Abstract:The problem of determining the configuration of points from partial distance information, known as the Euclidean Distance Geometry (EDG) problem, is fundamental to many tasks in the applied sciences. In this paper, we propose two algorithms grounded in the Riemannian optimization framework to address the EDG problem. Our approach formulates the problem as a low-rank matrix completion task over the Gram matrix, using partial measurements represented as expansion coefficients of the Gram matrix in a non-orthogonal basis. For the first algorithm, under a uniform sampling with replacement model for the observed distance entries, we demonstrate that, with high probability, a Riemannian gradient-like algorithm on the manifold of rank-$r$ matrices converges linearly to the true solution, given initialization via a one-step hard thresholding.
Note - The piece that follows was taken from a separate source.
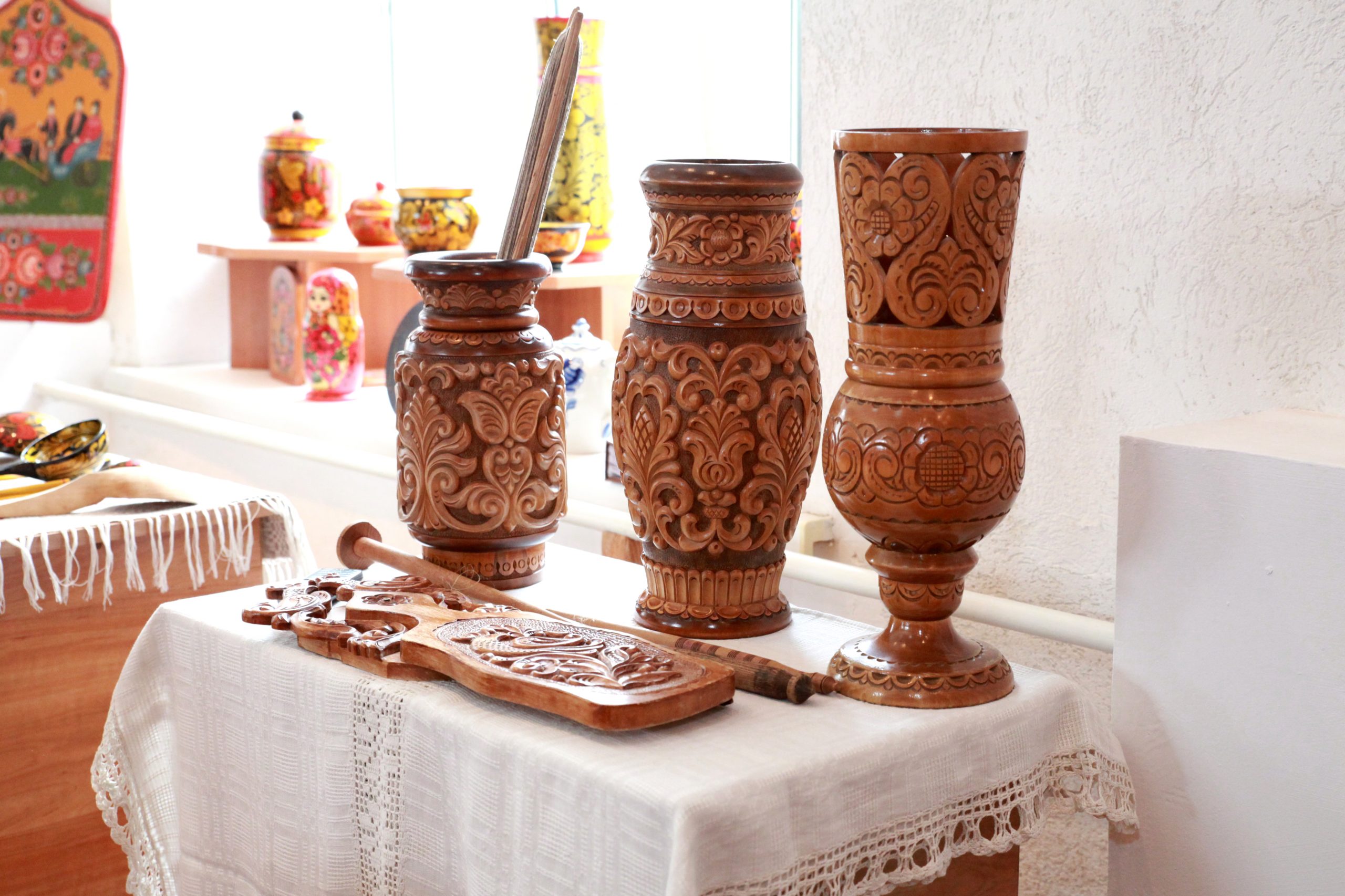«Керамические изделия, ткачество, вышивка, кружево, роспись по дереву и золотое шитьё лишь маленькая часть богатой русской культуры и быта, но сейчас эти ценные вещи – антиквариат, которыми сегодня почти никто не занимается. Представлены и вышитые работы монахинь, которым заказывали плести и вышивать кружева богатые родители для своих дочек в приданое. Это очень кропотливый труд, чтобы научиться такому мастерству, нужно было потратить много времени», – рассказала Людмила Манкова.

This holds provided the number of samples, $m$, satisfies $m \geq \mathcal{O}(n^{7/4}r^2 \log(n))$. With a more refined initialization, achieved through resampled Riemannian gradient-like descent, we further improve this bound to $m \geq \mathcal{O}(nr^2 \log(n))$. Our analysis for the first algorithm leverages a non-self-adjoint operator and depends on deriving eigenvalue bounds for an inner product matrix of restricted basis matrices, leveraging sparsity properties for tighter guarantees than previously established. The second algorithm introduces a self-adjoint surrogate for the sampling operator. This algorithm demonstrates strong numerical performance on both synthetic and real data. Furthermore, we show that optimizing over manifolds of higher-than-rank-$r$ matrices yields superior numerical results, consistent with recent literature on overparameterization in the EDG problem.
What problem does this paper attempt to address?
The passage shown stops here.